Quanto ao controle químico da mancha zonada, pulverizações com clorotalonil, mancozeb e maneb ou cupro-orgânicos são os mais recomendados, segundo Robbs & Viegas (1978), citados por Cruz Filho & Pinto (1982). Pode-se encontrar, ainda, outros trabalhos, como os de Peterlevitz (1982) e de Silva et al. (1982). Porém, tem-se observado que, sob condições epidêmicas, a doença é de difícil controle químico (Moretto et al., 1993).

Uma outra alternativa de controle que tem sido estudada no controle dessas doenças é a utilização de produtos biocompatíveis (bicarbonatos e óleos), estudados por Han (1990), Horst et al. (1992) e Ziv & Zitter (1992). Tais produtos, em razão da baixa toxicidade em mamíferos e mínima interferência ao meio ambiente, vêm tornando-se interessantes no controle de fungos em hortaliças.

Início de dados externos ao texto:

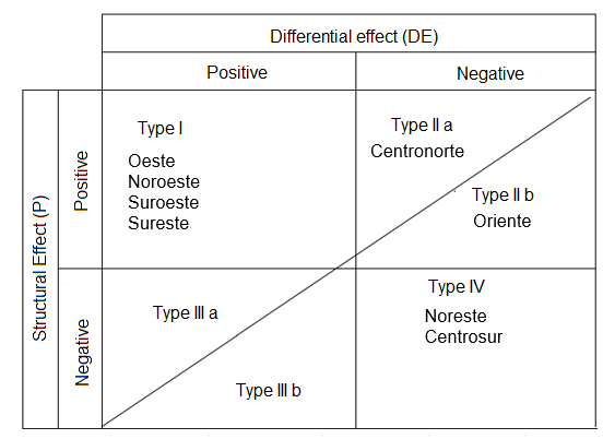 The net change reflects a more complex mix of factors, incorporating both the total and structural effects. Here, we observe that while regions such as the Northwest and Southeast have managed to maintain a positive net change (60,294.47 MP and 16,012.46 MP, respectively), other regions have experienced a decrease. Notably, the Centrosur region has experienced a significantly negative net change (-33,789.51 MP), highlighting weak territorial competition and slower growth than the national average. This suggests an urgent need to review and adjust its economic strategies to revitalize its competitiveness in the national market. Figure 2 shows the classification of regions according to Boudeville and Montefiore (1966).

Diante do exposto, o presente trabalho teve como objetivo avaliar o efeito do bicarbonato de sódio e do óleo vegetal no controle da pinta-preta em tomateiro e no controle da mancha-zonada em pepino.

 

MATERIAL E MÉTODOS

Os experimentos foram realizados em condições de campo na Faculdade de Ciências Agrárias e Veterinárias, UNESP, Câmpus de Jaboticabal (SP), com a cultivar de tomate Jumbo AG-592 e com a cultivar híbrida de pepino, Premier. A obtenção de mudas, transplante, tratos culturais, adubação e irrigação, seguiram a recomendação de Churata-Masca (1980) e de Alvarenga et al. (1982), para a cultura de tomate e de pepino, respectivamente. O delineamento experimental adotado foi blocos casualizados com quatro repetições, sendo que as parcelas foram constituídas por quarenta plantas espaçadas de 1,0 x 0,25 m para o tomate e de 1,0 x 0,50 m para o pepino. O sistema de condução da cultura do tomateiro foi o de "meia-estaca", proposto por Belfort (1979), fazendo-se a poda da haste principal após quatro cachos, com tutoramento vertical.

Os tratamentos utilizados no experimento com a cultura do tomateiro foram: 1- testemunha (aplicação de água); 2- iprodione (0,75 g/l); 3- bicarbonato de sódio (10g/l); 4- óleo vegetal (10 ml/l); 5- bicarbonato de sódio (10g/l) + óleo vegetal (10ml/l); 6- bicarbonato de sódio (10g/l) + iprodione (0,75 g/l); 7- óleo vegetal (10ml/l) + iprodione (0,75 g/l). As pulverizações foram semanais, com início doze dias após o transplante, sendo feitas quatorze aplicações durante todo o ciclo da cultura.

Para a cultura do pepino, os tratamentos utilizados foram: 1- testemunha (aplicação de água); 2- benomil (0,5 g/l); 3- bicarbonato de sódio (5g/l); 4- bicarbonato de sódio (10 g/l); 5- bicarbonato de sódio (15 g/l). As pulverizações foram semanais, com início 22 dias após o transplante, sendo feitas nove aplicações durante todo o ciclo da cultura.

As concentrações de aplicação de bicarbonato de sódio e óleo vegetal ('Natu'l óleo', 93% emulsionável, extraído de soja) foram baseadas em trabalhos realizados por Horst et al. (1992); Ziv & Zitter (1992); Northover & Schneider (1993). A concentração e periodicidade de aplicacão dos fungicidas, em cada cultura, seguiram a recomendação do fabricante.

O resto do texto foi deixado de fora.